What you have to do —
Reproduce nothing but the lines from the start of the material through the line that includes "Evil Eye & Pyramid", both ends included, and omit every picture.

Raw data —
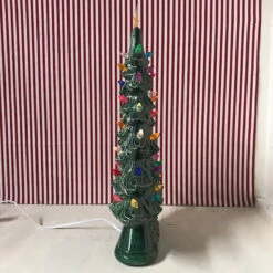 Large Flat Ceramic Lighted Window Or Mantel Christmas Tree 19″
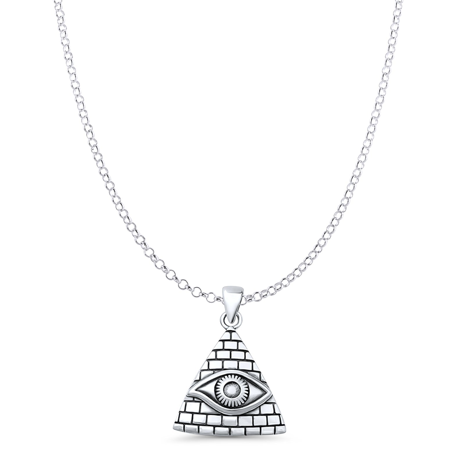 Evil Eye & Pyramid Pendant Rolo Chain Necklace Oxidized 925 Sterling Silver
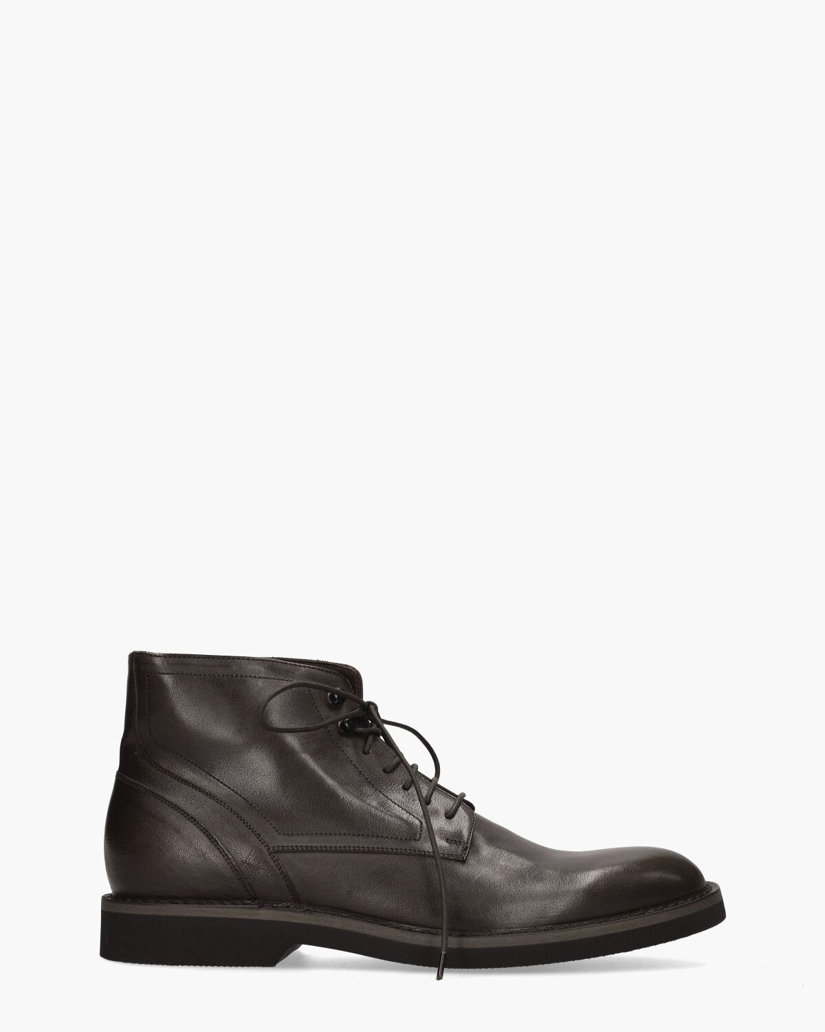 Veterboots voor heren, model 18404E, van het Italiaanse merk Pantanetti. Deze verfijnde, handgemaakte boots zijn vervaardigd uit soepel en glanzend donkerbruin leer met een karaktervolle, subtiele vintage finish. De binnenzijde is volledig uitgevoerd in leer en voorzien van een vast voetbed, wat zorgt voor een luxe draagervaring. Met een

Finished task —
 Large Flat Ceramic Lighted Window Or Mantel Christmas Tree 19″
 Evil Eye & Pyramid Pendant Rolo Chain Necklace Oxidized 925 Sterling Silver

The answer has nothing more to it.